Sabores sin secreto
Por Velia María Áurea Hontoria Álvarez
¿Trabajar es una condena o una fiesta? ¿Un peso que sofoca o un camino que engrandece? La diferencia, sospecho, está en dos palabras sencillas: amor y alegría. Ellas trazan la frontera entre una rutina que asfixia y una labor que da sentido.
Claro, hay días en que el cansancio muerde y los gestos mínimos se vuelven grotescos. Entonces, cualquier detalle enciende el enfado. Pero hay recursos a usar, algunos aconsejan respirar y buscar buena música. Otros prefieren el silencio que no espesa, sino que limpia. Porque estar de buenas no es casualidad, dice French: es un acto de voluntad cotidiana.
Eso es lo que me recuerda, una y otra vez, La Bussola, ese restaurante al que regreso desde hace tantos años. Ahí confirmo que la convivencia familiar y laboral no tiene por qué ser un campo de batalla, mucho menos una lucha de poderes. Trabajar juntos puede ser, al mismo tiempo, un modo de ensanchar el corazón y de robustecer el patrimonio.
Genaro, con más canas pero la misma sonrisa gigante, abre la puerta como quien abre su propia casa. La pulcritud del lugar habla de respeto. La cocina no se esconde: se abre generosa. Las Marías sazonan como quien guarda un secreto y celebra al mismo tiempo una fiesta de baile y sabores. Vito, atento, traduce miradas y anticipa necesidades. Y Grazia, con sus ojos luminosos, enseña sin palabras que servir donando es otra forma de estar con un cuidado incondicional, el que todos necesitamos, tarde o temprano.
Al verlos, inevitablemente pienso en mi propio camino. En esa decisión de trabajar al lado del amor de mis días para estar cerquita. Porque la dificultad no está en estar juntos, sino en aprender a hacer familia todos los días: honrar criterios distintos, reconocer talentos, respetar diferencias. Al caer la noche no basta compartir un apellido ni una nómina: hay que construir confianza, valores, pertenencia.
En una empresa familiar, el objetivo no es sólo generar ingresos, sino fundar herencia viva. Una herencia que no se mide en balances, sino en la certeza de que trabajamos juntos porque creemos en algo más grande que nosotros mismos. Una manera de enseñar disciplina con alegría, firmeza con respeto. Eso es lo que se hereda: un estilo de vida que atraviesa paredes, cazuelas o máquinas, y que invita a dar lo mejor de uno cada día.
Y, como en toda buena cocina, también en la empresa hace falta una receta clara, se debe profesionalizar la gestión, establecer reglas escritas, separar la emoción del juicio y planear con orden.
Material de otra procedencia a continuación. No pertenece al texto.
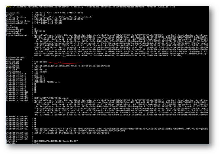Invoke-MonitoringProbe -Identity:”ActiveSync.Protocol\ActiveSyncDeepTestProbe” -Server:servername | fl
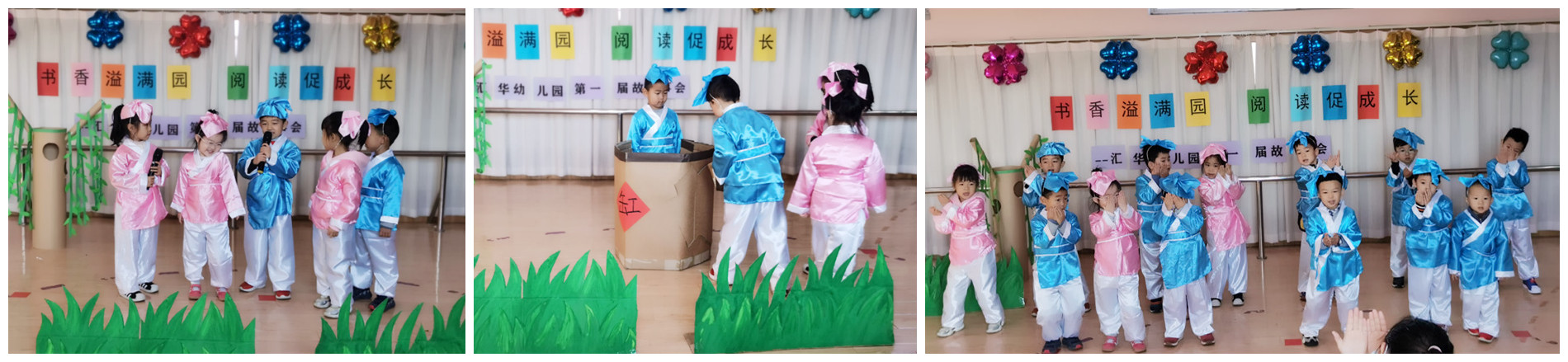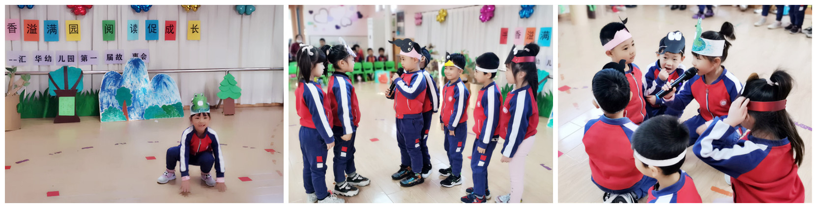 汇华小萌娃们变身故事大王,或说、或唱、或跳……把书中的故事逮到了小舞台上……

La confianza se nutre de certezas, no de improvisaciones. Así, las nuevas generaciones encuentran una plataforma sólida para sumarse, los colaboradores pueden crecer sin temor y la inversión se convierte en esperanza tangible. La innovación es el condimento que mantiene vivo el proyecto, pero sin olvidar nunca la esencia que lo distingue.
Cuando me siento a disfrutar la comida de La Bussola, confirmo que el trabajo en familia es un acto de amor, un ejercicio de esperanza. La alegría compartida —con bromas, silencios que no incomodan, gestos de ternura— son ingredientes que hace que la obra perdure. Porque la empresa familiar es ese lugar donde la mano que se extiende no muerde, sostiene; donde la mirada no juzga, ilumina; donde el abrazo no aprieta, cobija. El verdadero patrimonio no está en la caja registradora ni en los balances: está en la alegría de sabernos juntos, haciendo familia, sumando amores día tras día. Es la tribu que nos resguarda.